C. albicans is unique among fungal pathogens in terms of the diversity of infections it can cause. The fungus is a normal gut commensal in the majority of humans, but it is also able to infect mucosal surfaces, skin and nails when local antimicrobial defences are impaired, and it can spread via the bloodstream to infect deep tissues in severely immunocompromised individuals [4, 5]. Comprehensive understanding of the pathogenesis of these many forms of Candida infection in terms of the molecular cross-talk between host and pathogen is an obvious prerequisite to progress in their diagnosis and treatment. The availability of a full diploid genome sequence provides an invaluable tool for researchers in the field.

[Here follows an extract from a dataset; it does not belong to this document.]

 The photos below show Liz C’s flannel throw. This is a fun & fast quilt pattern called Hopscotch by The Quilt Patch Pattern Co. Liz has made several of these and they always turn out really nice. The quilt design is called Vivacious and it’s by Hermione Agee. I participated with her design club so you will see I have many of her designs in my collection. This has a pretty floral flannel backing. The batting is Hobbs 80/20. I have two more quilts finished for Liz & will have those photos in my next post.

The main facts and figures of the C. albicans genome sequence are as follows. Eight chromosomes (historically named 1-7 and R) constitute a haploid genome size of 14,851 kilobases (kb), containing 6,419 open reading frames (ORFs) longer than 100 codons, of which some 20% have no known counterpart in other available genome sequences. The codon CUG, which is translated abnormally by C. albicans as serine rather than leucine, is found at least once in approximately two-thirds of ORFs.

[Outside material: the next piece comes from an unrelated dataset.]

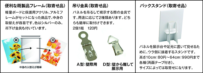 | ポスターをパネルに加工する場合の追加費用です。上記[J-1]の印刷代に、この加工賃をプラスしてください。パネル加工には以下の3通りの方法があります。パネルの最大サイズは900×1800mmです。 @印刷したポスターをパネルに貼って仕上げる……いちばん安価で短納期です。 ※パネルの厚さは2種類あります。ご注文のときに指定してください。 Aオプション:ポスターに片面ラミネート(PET50μ)をかけてから、パネルに仕上げる…表面保護ができます。 パネルに貼らず、片面ラミネートのみで納品もできます。 Bポスターをそのまま、市販の既製品フレームにはさみ込むだけ…ポスターの入れ替えができ、繰り返し使えます。 ※ライトクロスには使えません。 |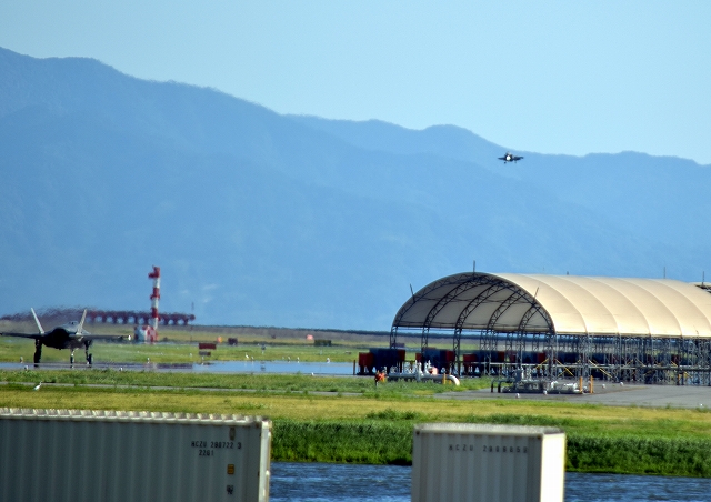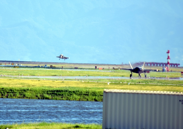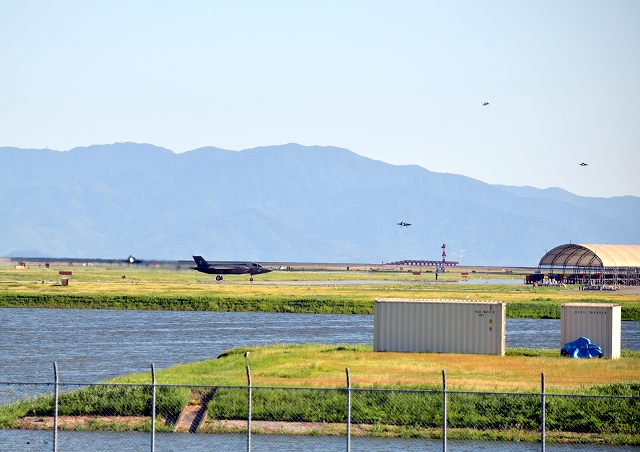 米海兵隊 F-35B ステルス 戦闘機(岩国基地)、VK、04番機、06、07番機、09が降りてきます。 |

The C. albicans isolate used for the sequencing project turns out to have been an excellent representative choice. Strain SC5314 was used in the 1980s by scientists at the E.R. Squibb company (now Bristol-Myers Squibb) for their pioneering studies of C. albicans molecular biology. It was engineered by Fonzi and Irwin  to provide the uridine autotrophic mutant that has been essential to most subsequent molecular genetic research into C. albicans. The strain is usually described merely as a 'clinical isolate', but it is worth setting on record that SC5314 was originally isolated from a patient with generalized Candida infection by Margarita Silva-Hutner at the Department of Dermatology, Columbia College of Physicians and Surgeons (New York, USA). The original isolate number was 1775 and the strain is identical with strain NYOH#4657 in the New York State Department of Health collection. (This information was provided by Joan Fung-Tome at Bristol-Myers Squibb as a personal communication.) SC5314 belongs to the predominant clade of closely related C. albicans strains that represents almost 40% of all isolates worldwide, as determined by DNA fingerprinting  and multi-locus sequence typing (A. Tavanti, A.D. Davidson, N.A.R.G., M.C.J. Maiden and F.C.O., unpublished observations). It is highly susceptible to all clinically used antifungal agents (F.C.O., unpublished observations) and hence its genome sequence forms an excellent reference for comparison with drug-resistant isolates. Furthermore, this strain is highly virulent in animal models of Candida infection , and its genome sequence can therefore be presumed to encode most or all of the species' virulence factors.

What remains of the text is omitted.